**Prompt**
The records that follow are to be transcribed in full, leaving out each picture.

-- Opening Marker --

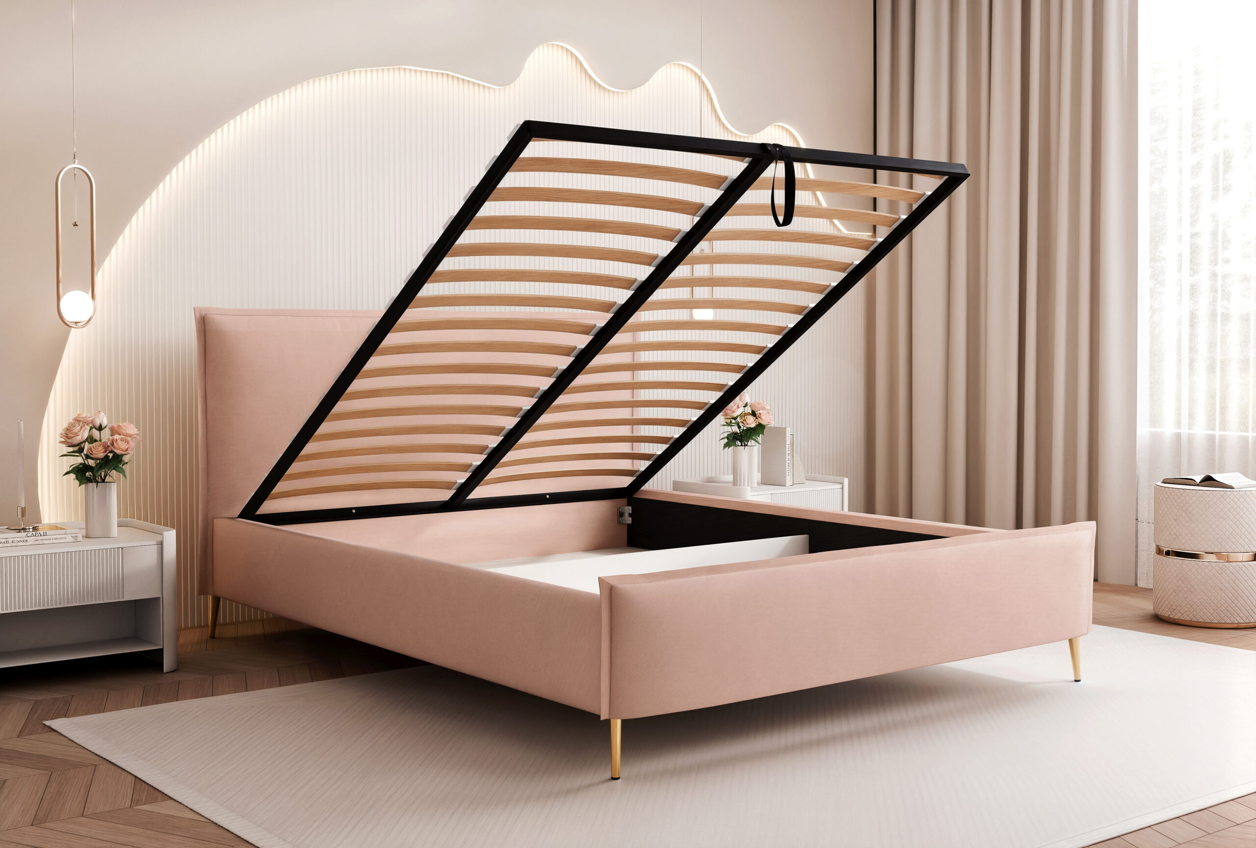 Dzięki szerokiemu wyborowi tkanin obiciowych i kolorów, łóżko można w pełni dopasować do wystroju sypialni – od delikatnych, pastelowych odcieni po intensywne, głębokie barwy.
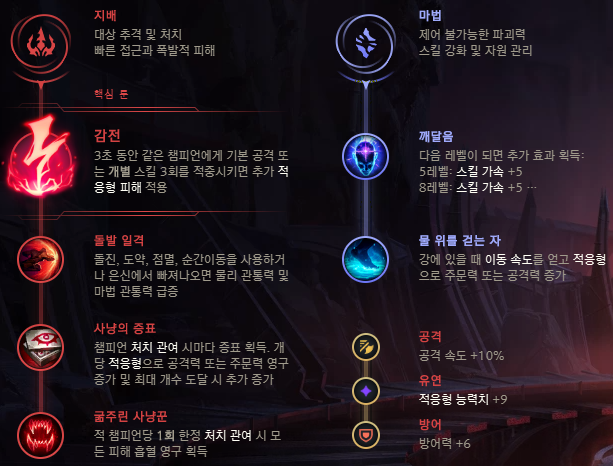 니달리의 핵심 룬은 지배의 감전과 어둠의 수확으로 나뉘는데요, 어둠의 수확을 드는 경우는 후반에 더욱 강력한 룬이고 감전은 초반에 더 강한 룬입니다. 최근 추세는 어둠의 수확보다 감전을 많이 들어줍니다. 하위 룬으로는 돌발 일격, 사냥의 증표, 굶주린 사냥꾼을 보편적으로 들어주며, 보조 룬은 마법에서 스킬 가속을 올려주는 깨달음과 강에 있을 때 추가 이동 속도를 제공하는 물 위를 걷는 자를 들어줍니다.
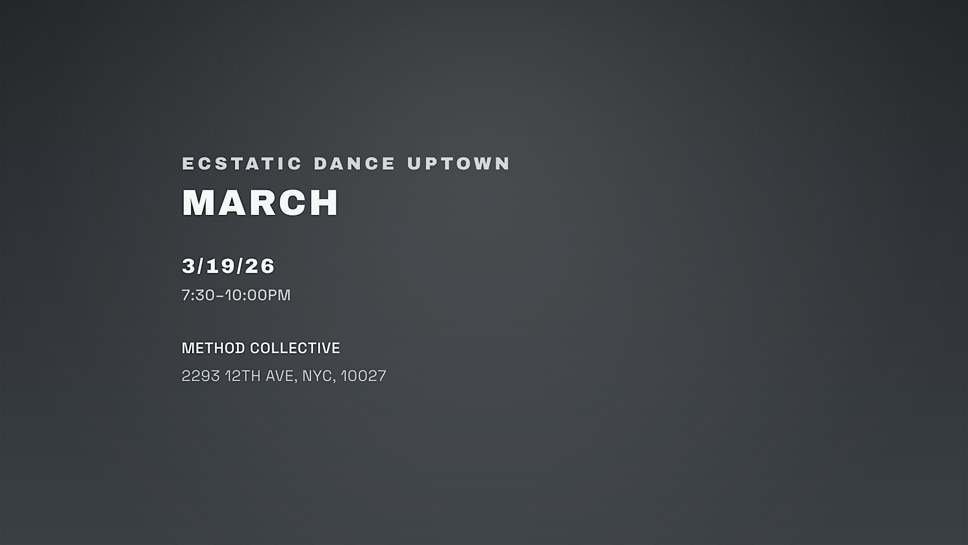 by admin23Feb March Ecstatic Dance Uptown at Method Collective – New York, NY March Ecstatic Dance Uptown at Method Collective – New York, NY 1 1 people viewed this event. An embodied dance by our resident DJ, lee waa. Tickets-RSVP Link Date And Time Thursday, March 19th, 2026 07:00 PM (PST) Venue Method Collective Location 2293 12th Avenue, New York, NY 10027 Event Types MusicParty or Social Gathering Event Category New YorkNew York City Share With Friends Facebook Twitter Linkedin Xing Pinterest Share This Post:
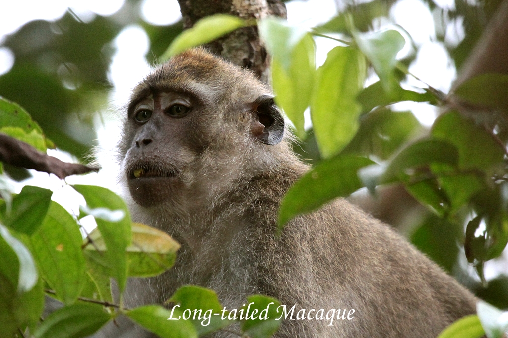 2 Long-tailed Makaken turnten in den Mangroven. Weiter sahen wir: noch einen Blue-eared Kingfisher, Drongo, einige Long-tailed Parakeets überflogen uns, Asian Paradise Flycatcher (m und f), 4 kleine Crimson (???) Sunbirds , Monitor Lizard auf Baum, Ashy Tailorbird, verschiedene Bulbuls, Lesser Fish Eagle, Imperial Pigeon, Prevost's Squirrel, Oriental Darter, White-crowned Shama, Pygmy Squirrel. |
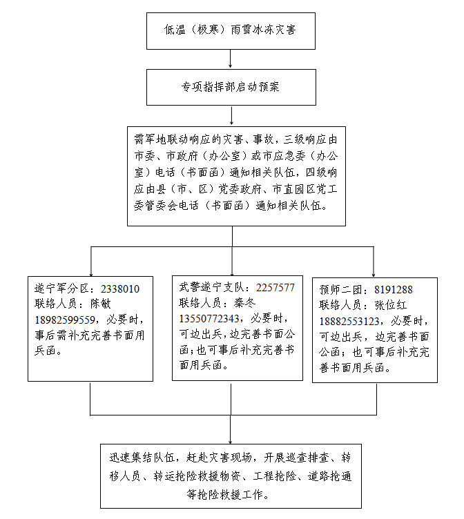 24.市消防救援支队:根据险情、灾情,按照市应急委安排,参与防灾减灾救灾有关工作,承担低温(极寒)雨雪冰冻灾害突发事件抢险救援救灾工作。
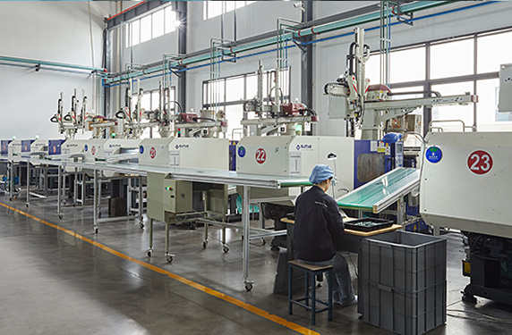 全自動射出成形が3ライン、海天射出成形機が36台を備えています。
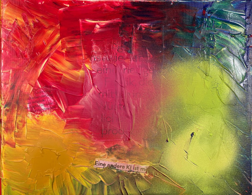 mixed media art, 40 x 50 cm. half hidden are parts of a text from a philosophy magazine about artificial intelligence.
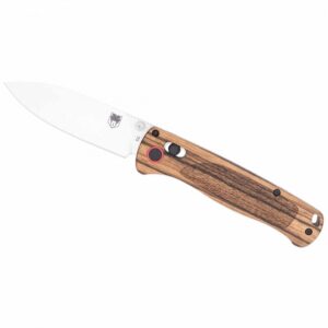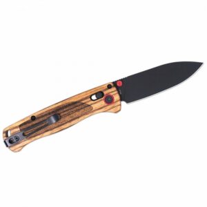 This elegant yet capable folder features a 3.00″ D2 steel drop-point blade and beautiful zebrawood handle scales over an aluminum body, built for dependable everyday carry with standout aesthetics. With an overall length of approx. 7.50″ and a feather-light weight of 3.1 oz, it blends performance and craftsmanship for daily tasks or as a refined carry piece.
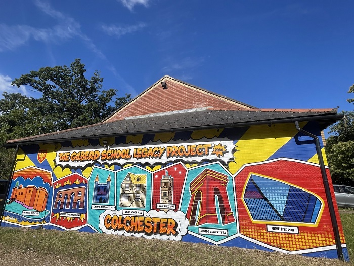 Coordinated by Colchester City Council and funded by Essex County Council Local Community Fund, The Gilberd School Legacy Project has culminated in a stunning mural at the Highwoods Community Centre, celebrating the city’s rich history and development in a vibrant pop-art style.
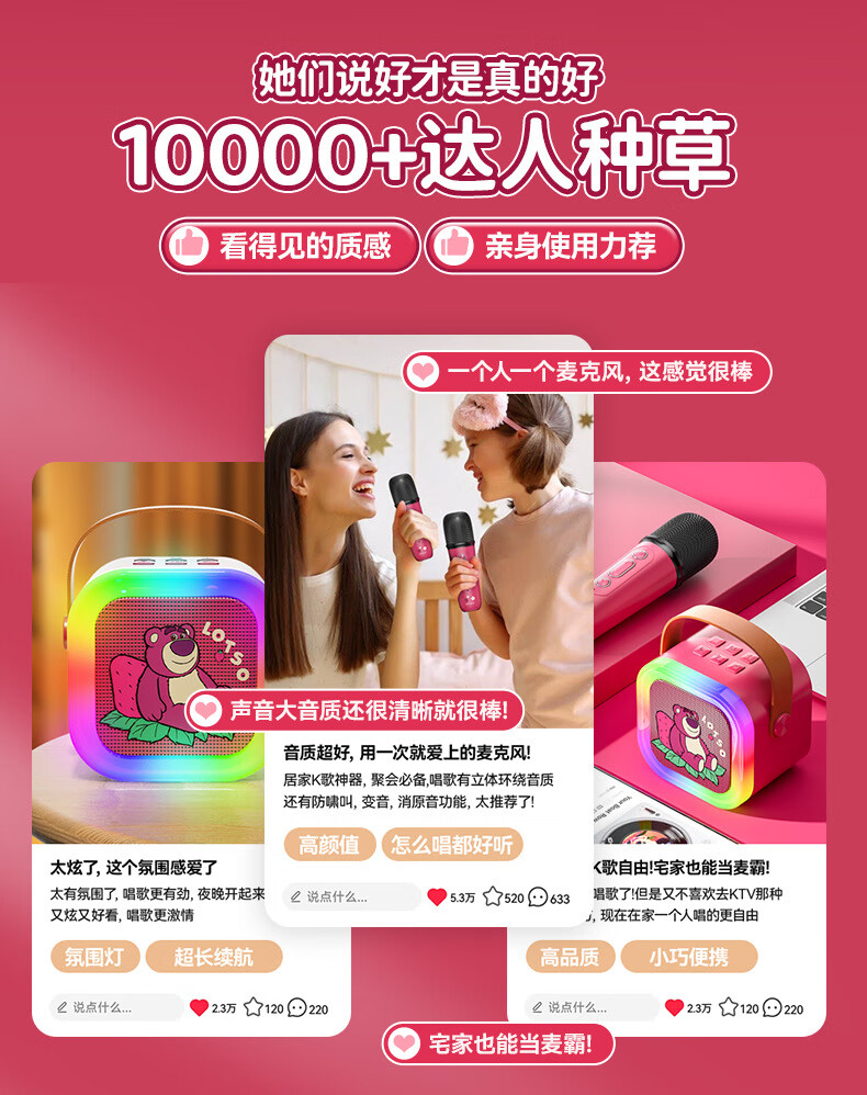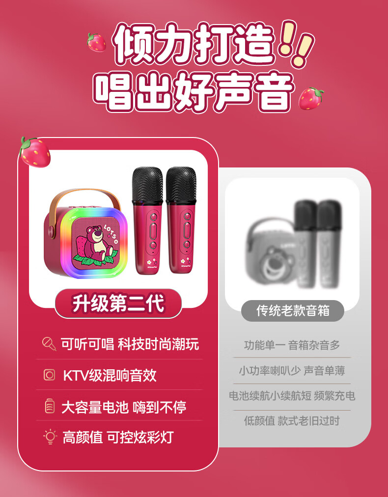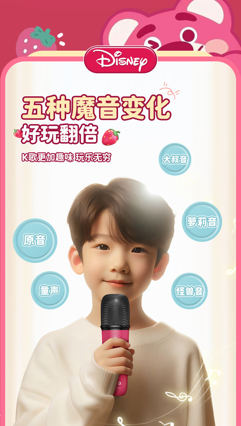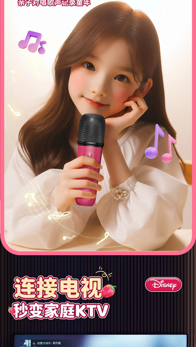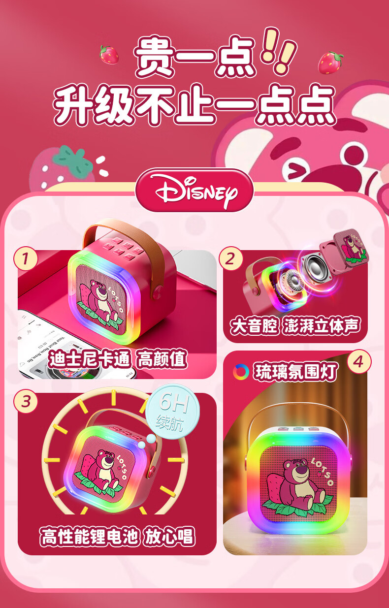 迪士尼无线蓝牙音响话筒一体麦克风生日礼物音乐播放器家用唱歌音箱迷你户外便携k歌神器 【米妮】双麦嗨唱礼盒装
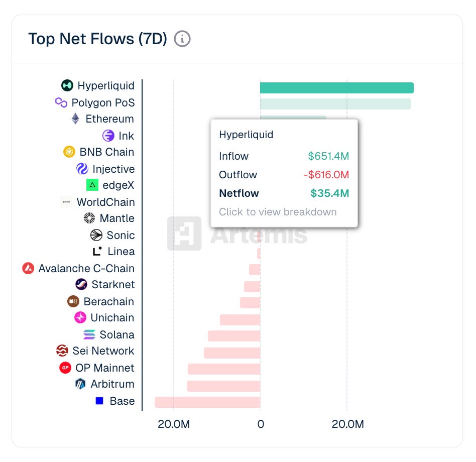 Hyperliquid leads 7D Top Net Flows Chart
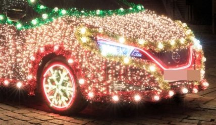 Электромобиль превратили в рождественскую елку (Фото)
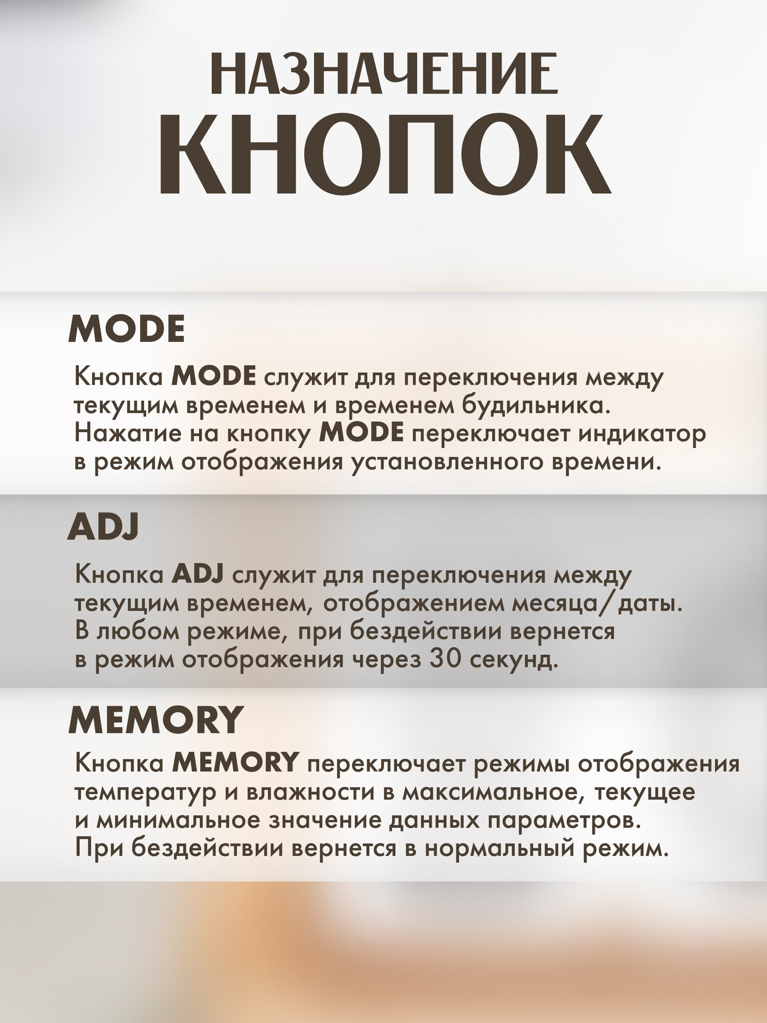 | Измерения | влажность в помещении / влажность на улице / температура в помещении / температура на улице |
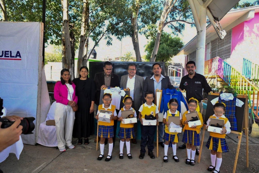 El presidente municipal Salvador Calderón realizó la entrega de uniformes y calzado escolar en el Jardín de Niños Gabriela Mistral, beneficiando directamente a 65 hogares que verán reducido este importante gasto económico en este ciclo escolar.
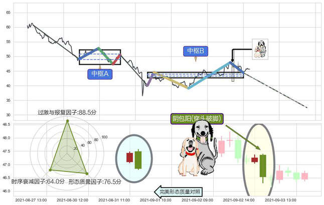 ➢ 阴包阳(穿头破脚) 🔜 缠论中枢点破位中枢B支撑下拉 综合量化分数:45.95 【偏空】
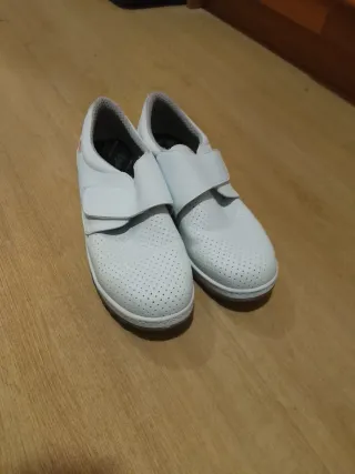 Zapatillas cómodas de la marca Duo en color blanco. Cuentan con cierre de velcro para un ajuste fácil. - Diseño con perforaciones. - Cierre de velcro ajustable.
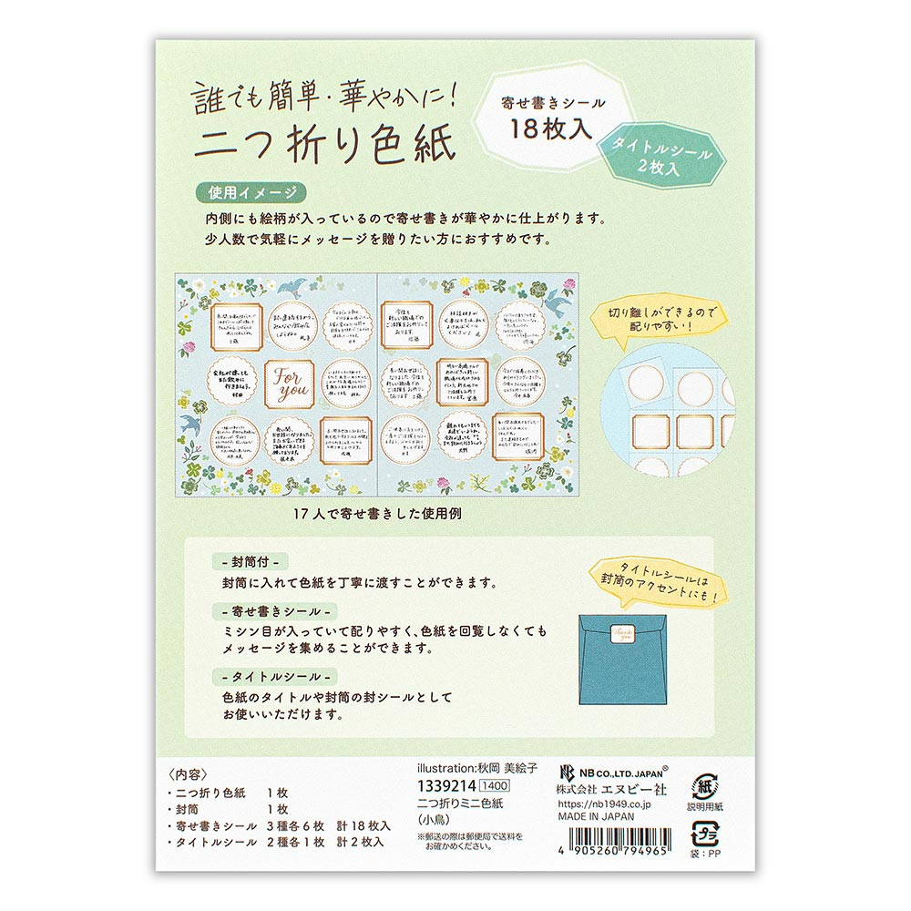 18枚の寄せ書きシール入りで、色紙を回さなくても寄せ書きを集めることができます。ミシン目が入っているので切り離しやすいのもポイント。

-- Closing Marker --

**Your solution**
 Dzięki szerokiemu wyborowi tkanin obiciowych i kolorów, łóżko można w pełni dopasować do wystroju sypialni – od delikatnych, pastelowych odcieni po intensywne, głębokie barwy.
 니달리의 핵심 룬은 지배의 감전과 어둠의 수확으로 나뉘는데요, 어둠의 수확을 드는 경우는 후반에 더욱 강력한 룬이고 감전은 초반에 더 강한 룬입니다. 최근 추세는 어둠의 수확보다 감전을 많이 들어줍니다. 하위 룬으로는 돌발 일격, 사냥의 증표, 굶주린 사냥꾼을 보편적으로 들어주며, 보조 룬은 마법에서 스킬 가속을 올려주는 깨달음과 강에 있을 때 추가 이동 속도를 제공하는 물 위를 걷는 자를 들어줍니다.
 by admin23Feb March Ecstatic Dance Uptown at Method Collective – New York, NY March Ecstatic Dance Uptown at Method Collective – New York, NY 1 1 people viewed this event. An embodied dance by our resident DJ, lee waa. Tickets-RSVP Link Date And Time Thursday, March 19th, 2026 07:00 PM (PST) Venue Method Collective Location 2293 12th Avenue, New York, NY 10027 Event Types MusicParty or Social Gathering Event Category New YorkNew York City Share With Friends Facebook Twitter Linkedin Xing Pinterest Share This Post:
 2 Long-tailed Makaken turnten in den Mangroven. Weiter sahen wir: noch einen Blue-eared Kingfisher, Drongo, einige Long-tailed Parakeets überflogen uns, Asian Paradise Flycatcher (m und f), 4 kleine Crimson (???) Sunbirds , Monitor Lizard auf Baum, Ashy Tailorbird, verschiedene Bulbuls, Lesser Fish Eagle, Imperial Pigeon, Prevost's Squirrel, Oriental Darter, White-crowned Shama, Pygmy Squirrel. |
 24.市消防救援支队:根据险情、灾情,按照市应急委安排,参与防灾减灾救灾有关工作,承担低温(极寒)雨雪冰冻灾害突发事件抢险救援救灾工作。
 全自動射出成形が3ライン、海天射出成形機が36台を備えています。
 mixed media art, 40 x 50 cm. half hidden are parts of a text from a philosophy magazine about artificial intelligence.
 This elegant yet capable folder features a 3.00″ D2 steel drop-point blade and beautiful zebrawood handle scales over an aluminum body, built for dependable everyday carry with standout aesthetics. With an overall length of approx. 7.50″ and a feather-light weight of 3.1 oz, it blends performance and craftsmanship for daily tasks or as a refined carry piece.
 Coordinated by Colchester City Council and funded by Essex County Council Local Community Fund, The Gilberd School Legacy Project has culminated in a stunning mural at the Highwoods Community Centre, celebrating the city’s rich history and development in a vibrant pop-art style.
 迪士尼无线蓝牙音响话筒一体麦克风生日礼物音乐播放器家用唱歌音箱迷你户外便携k歌神器 【米妮】双麦嗨唱礼盒装
 Hyperliquid leads 7D Top Net Flows Chart
 Электромобиль превратили в рождественскую елку (Фото)
 | Измерения | влажность в помещении / влажность на улице / температура в помещении / температура на улице |
 El presidente municipal Salvador Calderón realizó la entrega de uniformes y calzado escolar en el Jardín de Niños Gabriela Mistral, beneficiando directamente a 65 hogares que verán reducido este importante gasto económico en este ciclo escolar.
 ➢ 阴包阳(穿头破脚) 🔜 缠论中枢点破位中枢B支撑下拉 综合量化分数:45.95 【偏空】
 Zapatillas cómodas de la marca Duo en color blanco. Cuentan con cierre de velcro para un ajuste fácil. - Diseño con perforaciones. - Cierre de velcro ajustable.
 18枚の寄せ書きシール入りで、色紙を回さなくても寄せ書きを集めることができます。ミシン目が入っているので切り離しやすいのもポイント。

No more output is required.